*WORK INSTRUCTIONS*
With pictures excluded, output exactly the lines that run from the first line of the data below through the line containing "Se realizó un".

*EXERCISE DATA*
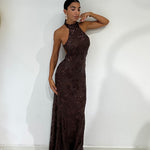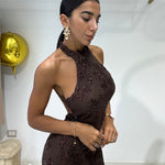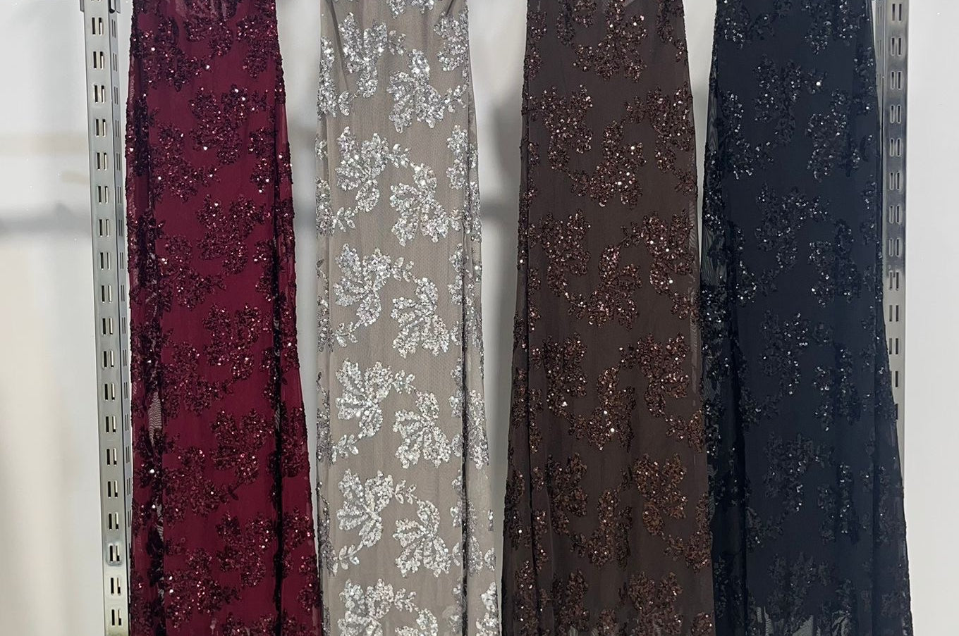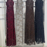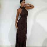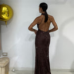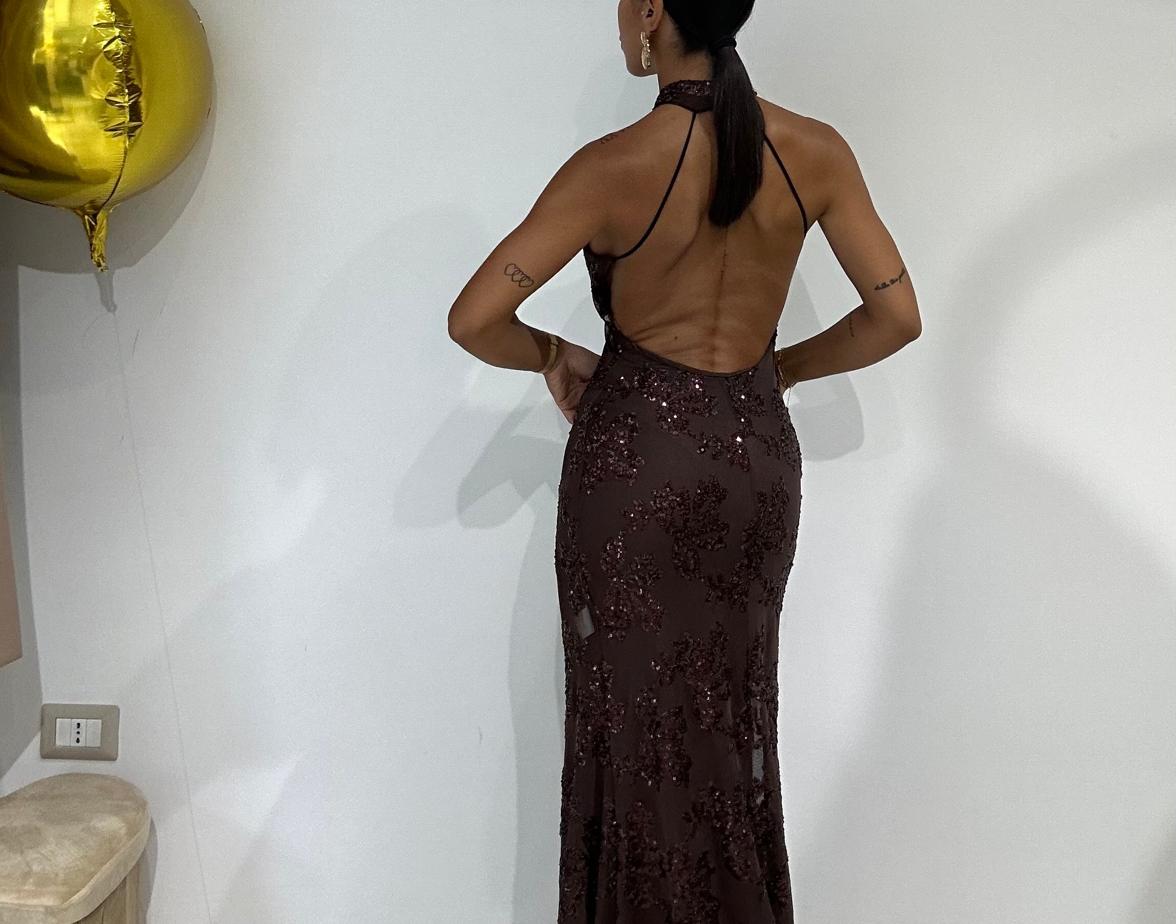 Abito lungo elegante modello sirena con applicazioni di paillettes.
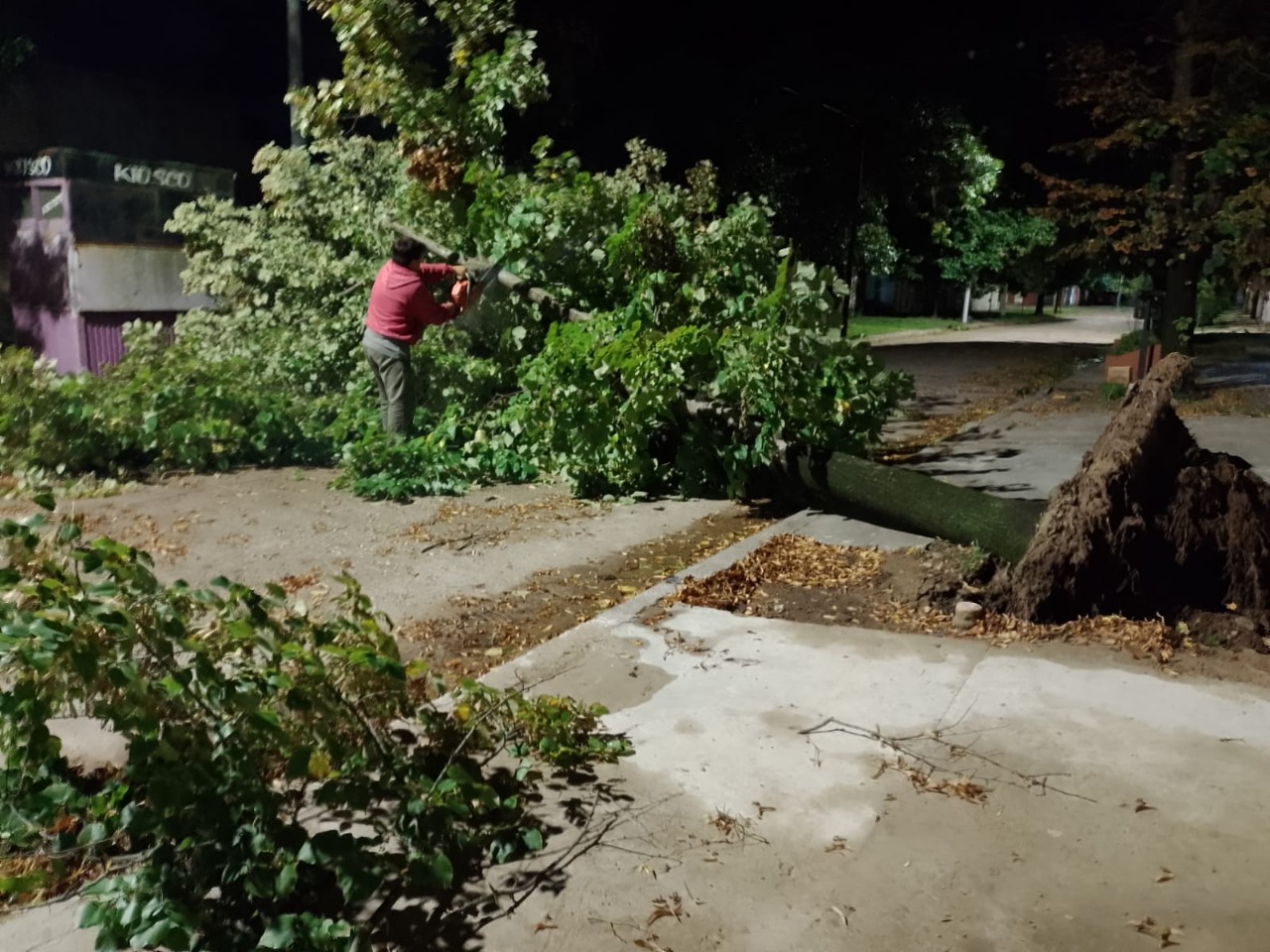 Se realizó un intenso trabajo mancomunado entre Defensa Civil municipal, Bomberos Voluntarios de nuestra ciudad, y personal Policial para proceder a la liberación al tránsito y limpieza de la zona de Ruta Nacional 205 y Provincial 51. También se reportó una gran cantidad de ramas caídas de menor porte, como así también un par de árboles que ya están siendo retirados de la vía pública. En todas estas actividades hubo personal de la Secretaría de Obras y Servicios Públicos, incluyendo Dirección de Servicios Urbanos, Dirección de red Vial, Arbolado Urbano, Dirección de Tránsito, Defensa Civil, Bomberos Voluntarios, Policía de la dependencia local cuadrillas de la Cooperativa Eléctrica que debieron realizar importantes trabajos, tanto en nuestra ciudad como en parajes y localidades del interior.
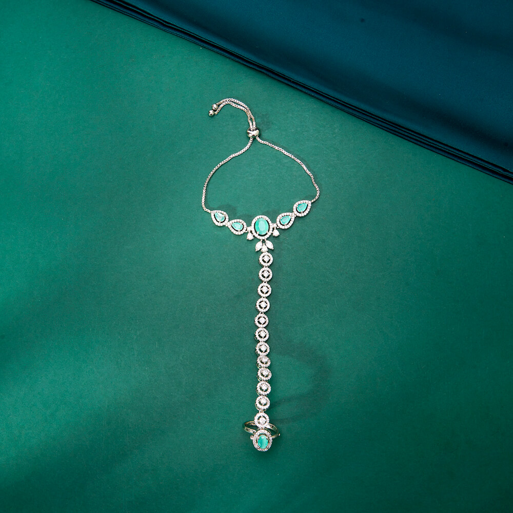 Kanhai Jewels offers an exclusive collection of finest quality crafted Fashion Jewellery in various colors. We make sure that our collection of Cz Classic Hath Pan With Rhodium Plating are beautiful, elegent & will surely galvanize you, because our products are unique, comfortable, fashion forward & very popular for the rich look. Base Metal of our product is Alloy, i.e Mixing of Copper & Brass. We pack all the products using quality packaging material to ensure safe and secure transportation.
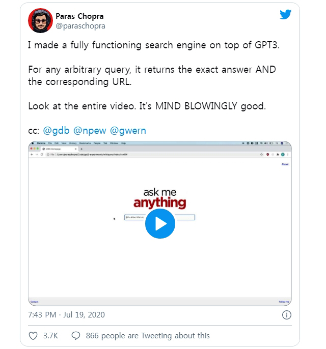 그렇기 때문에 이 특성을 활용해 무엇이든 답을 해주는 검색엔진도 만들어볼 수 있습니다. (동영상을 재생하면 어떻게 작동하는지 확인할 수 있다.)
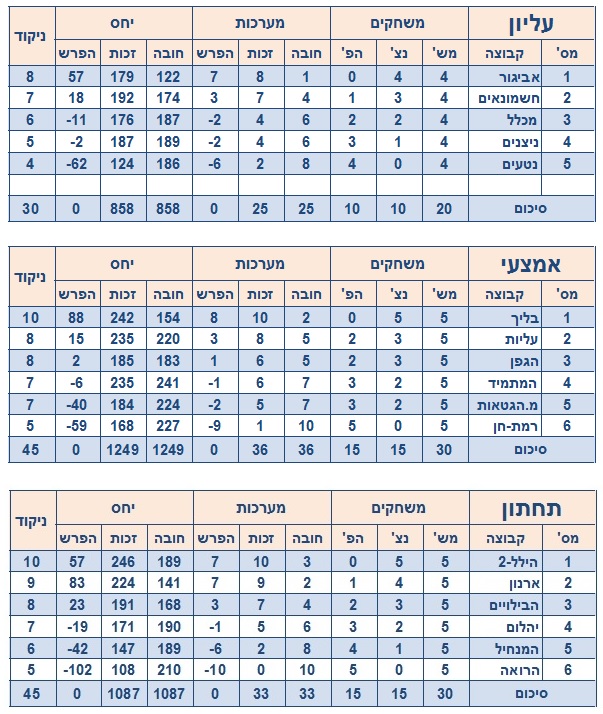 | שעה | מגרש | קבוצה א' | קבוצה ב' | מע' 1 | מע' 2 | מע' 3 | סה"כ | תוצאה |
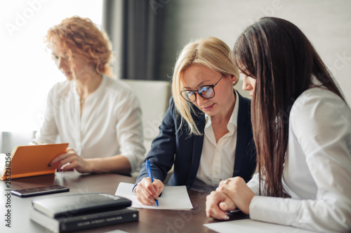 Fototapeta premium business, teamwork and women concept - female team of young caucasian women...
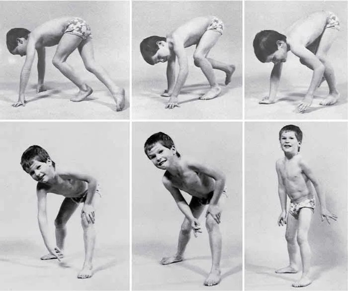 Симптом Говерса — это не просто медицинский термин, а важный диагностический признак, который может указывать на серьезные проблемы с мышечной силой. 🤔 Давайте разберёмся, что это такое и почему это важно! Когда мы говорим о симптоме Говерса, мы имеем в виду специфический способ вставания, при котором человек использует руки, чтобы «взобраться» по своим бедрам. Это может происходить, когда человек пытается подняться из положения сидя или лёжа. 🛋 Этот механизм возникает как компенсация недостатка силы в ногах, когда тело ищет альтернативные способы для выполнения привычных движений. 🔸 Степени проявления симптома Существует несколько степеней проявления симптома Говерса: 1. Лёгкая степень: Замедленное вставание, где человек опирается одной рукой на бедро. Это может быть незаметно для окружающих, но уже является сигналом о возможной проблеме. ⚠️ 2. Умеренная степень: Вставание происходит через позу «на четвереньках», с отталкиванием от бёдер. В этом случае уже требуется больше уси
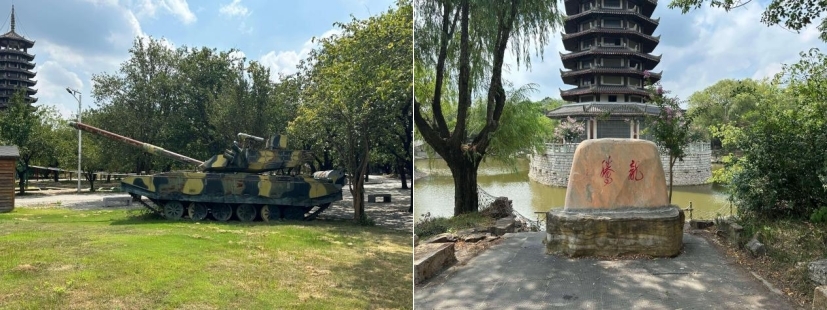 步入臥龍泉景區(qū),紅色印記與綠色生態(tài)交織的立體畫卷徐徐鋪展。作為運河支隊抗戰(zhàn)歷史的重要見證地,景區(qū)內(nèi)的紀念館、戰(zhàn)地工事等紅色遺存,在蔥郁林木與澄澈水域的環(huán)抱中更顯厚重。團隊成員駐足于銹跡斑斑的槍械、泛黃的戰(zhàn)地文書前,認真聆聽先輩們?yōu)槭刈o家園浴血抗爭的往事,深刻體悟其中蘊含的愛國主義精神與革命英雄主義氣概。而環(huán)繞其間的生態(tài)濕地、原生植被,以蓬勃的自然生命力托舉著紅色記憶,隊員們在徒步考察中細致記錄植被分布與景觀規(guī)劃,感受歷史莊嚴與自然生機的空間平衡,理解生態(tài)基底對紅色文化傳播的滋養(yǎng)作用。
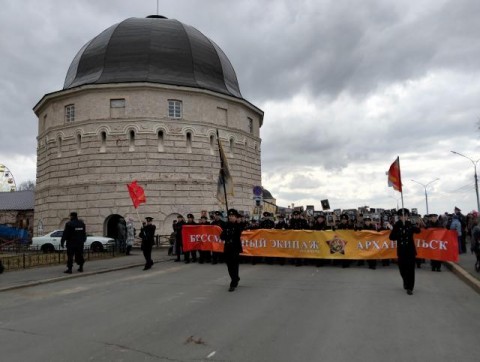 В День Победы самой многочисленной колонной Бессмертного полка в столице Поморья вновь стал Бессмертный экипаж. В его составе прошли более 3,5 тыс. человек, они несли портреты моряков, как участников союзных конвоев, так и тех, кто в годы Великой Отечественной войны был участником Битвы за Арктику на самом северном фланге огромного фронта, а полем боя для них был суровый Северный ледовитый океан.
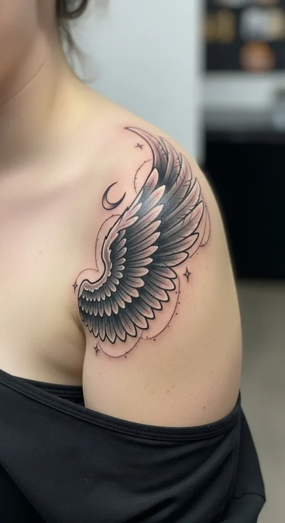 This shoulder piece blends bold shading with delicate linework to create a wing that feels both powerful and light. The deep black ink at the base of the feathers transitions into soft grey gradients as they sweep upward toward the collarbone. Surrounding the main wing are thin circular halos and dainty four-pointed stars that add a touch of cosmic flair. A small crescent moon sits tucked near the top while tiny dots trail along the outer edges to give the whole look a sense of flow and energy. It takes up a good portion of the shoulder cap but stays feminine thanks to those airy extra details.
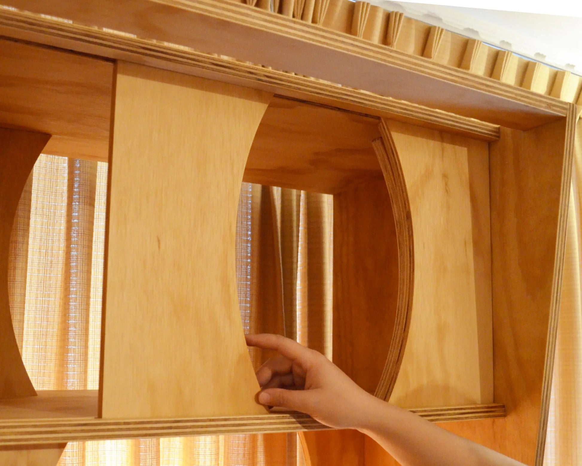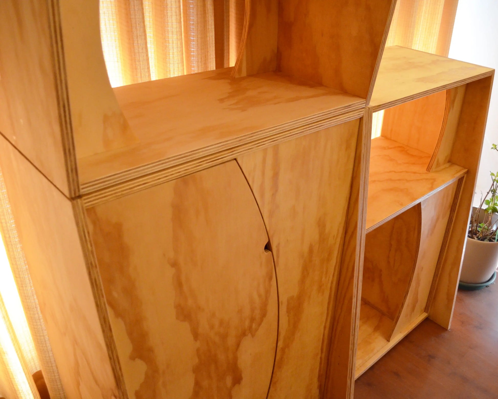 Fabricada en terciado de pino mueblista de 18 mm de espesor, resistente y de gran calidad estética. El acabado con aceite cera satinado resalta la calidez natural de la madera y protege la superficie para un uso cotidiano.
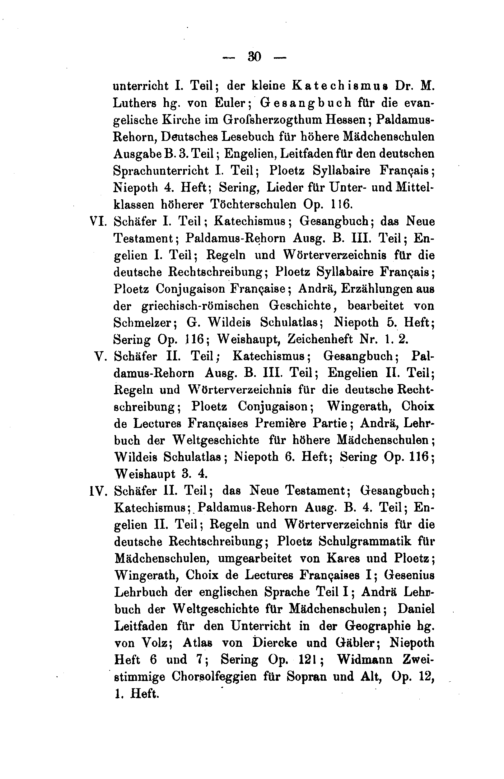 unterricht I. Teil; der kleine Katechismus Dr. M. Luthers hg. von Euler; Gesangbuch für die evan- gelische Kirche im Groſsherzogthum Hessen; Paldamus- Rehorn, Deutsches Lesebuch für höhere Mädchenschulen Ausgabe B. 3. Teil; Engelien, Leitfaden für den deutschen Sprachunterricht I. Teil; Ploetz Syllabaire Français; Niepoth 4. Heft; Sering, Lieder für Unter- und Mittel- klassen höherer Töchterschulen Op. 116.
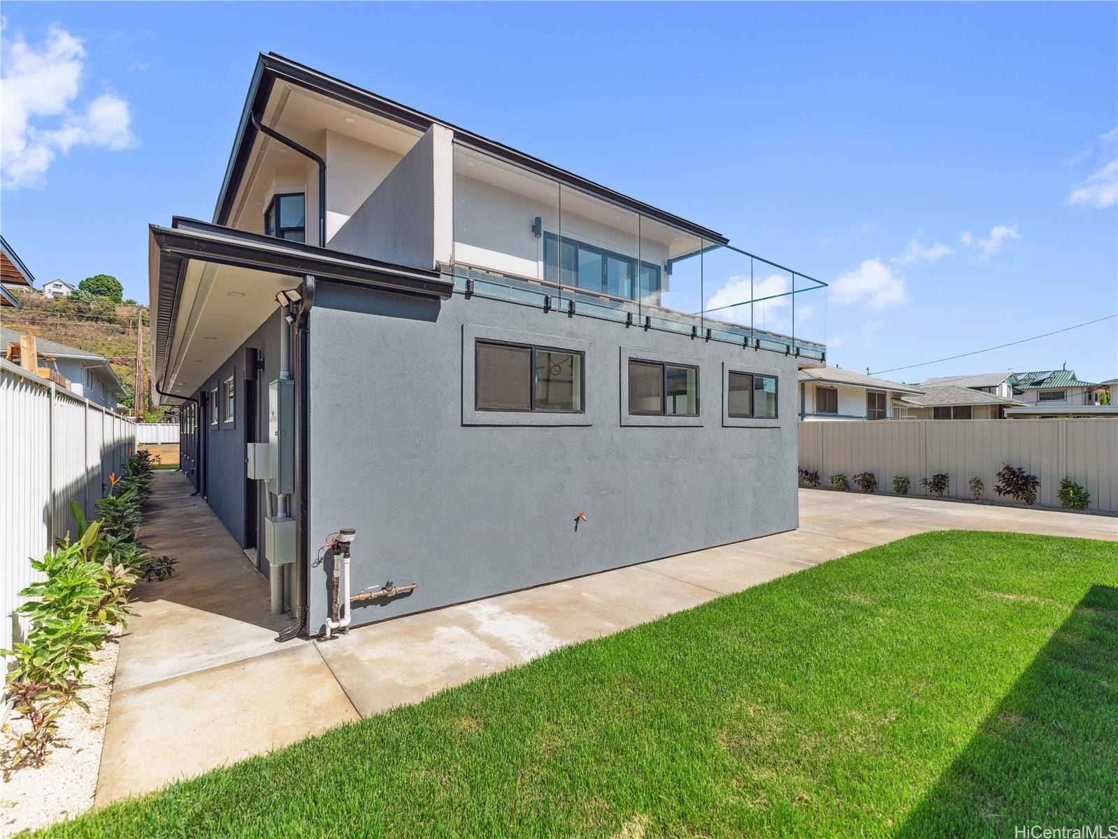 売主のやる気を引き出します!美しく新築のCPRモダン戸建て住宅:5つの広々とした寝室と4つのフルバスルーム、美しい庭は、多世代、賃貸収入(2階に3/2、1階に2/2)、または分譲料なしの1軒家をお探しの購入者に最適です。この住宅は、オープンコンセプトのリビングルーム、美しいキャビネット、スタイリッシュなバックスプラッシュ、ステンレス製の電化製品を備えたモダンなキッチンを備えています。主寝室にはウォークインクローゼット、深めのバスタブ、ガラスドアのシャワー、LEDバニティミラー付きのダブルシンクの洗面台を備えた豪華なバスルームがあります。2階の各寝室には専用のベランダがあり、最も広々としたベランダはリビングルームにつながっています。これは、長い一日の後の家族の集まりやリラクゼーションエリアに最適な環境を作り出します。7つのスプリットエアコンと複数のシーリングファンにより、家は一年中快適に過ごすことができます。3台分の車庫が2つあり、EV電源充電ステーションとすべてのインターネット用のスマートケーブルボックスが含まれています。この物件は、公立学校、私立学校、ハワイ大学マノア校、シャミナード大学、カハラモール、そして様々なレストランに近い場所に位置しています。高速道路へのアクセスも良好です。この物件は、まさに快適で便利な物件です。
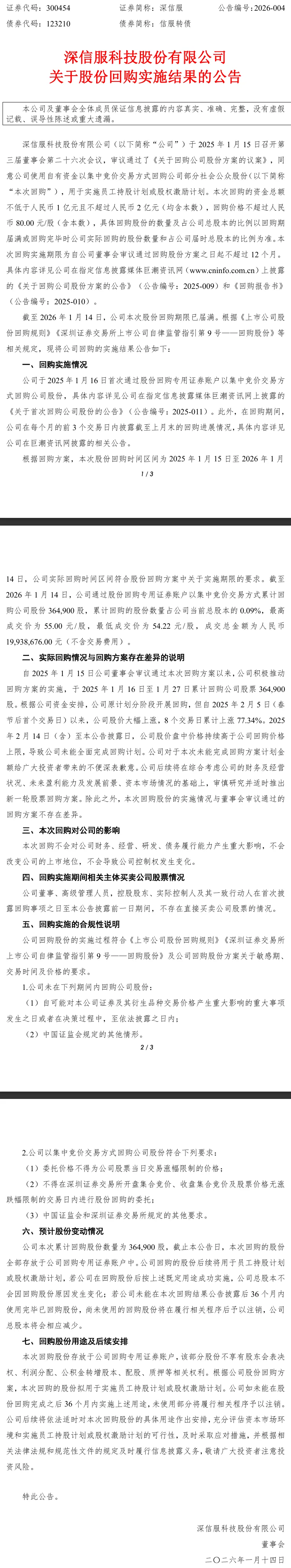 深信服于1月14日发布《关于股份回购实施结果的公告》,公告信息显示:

*RESULT OF THE EXERCISE*
 Abito lungo elegante modello sirena con applicazioni di paillettes.
 Se realizó un intenso trabajo mancomunado entre Defensa Civil municipal, Bomberos Voluntarios de nuestra ciudad, y personal Policial para proceder a la liberación al tránsito y limpieza de la zona de Ruta Nacional 205 y Provincial 51. También se reportó una gran cantidad de ramas caídas de menor porte, como así también un par de árboles que ya están siendo retirados de la vía pública. En todas estas actividades hubo personal de la Secretaría de Obras y Servicios Públicos, incluyendo Dirección de Servicios Urbanos, Dirección de red Vial, Arbolado Urbano, Dirección de Tránsito, Defensa Civil, Bomberos Voluntarios, Policía de la dependencia local cuadrillas de la Cooperativa Eléctrica que debieron realizar importantes trabajos, tanto en nuestra ciudad como en parajes y localidades del interior.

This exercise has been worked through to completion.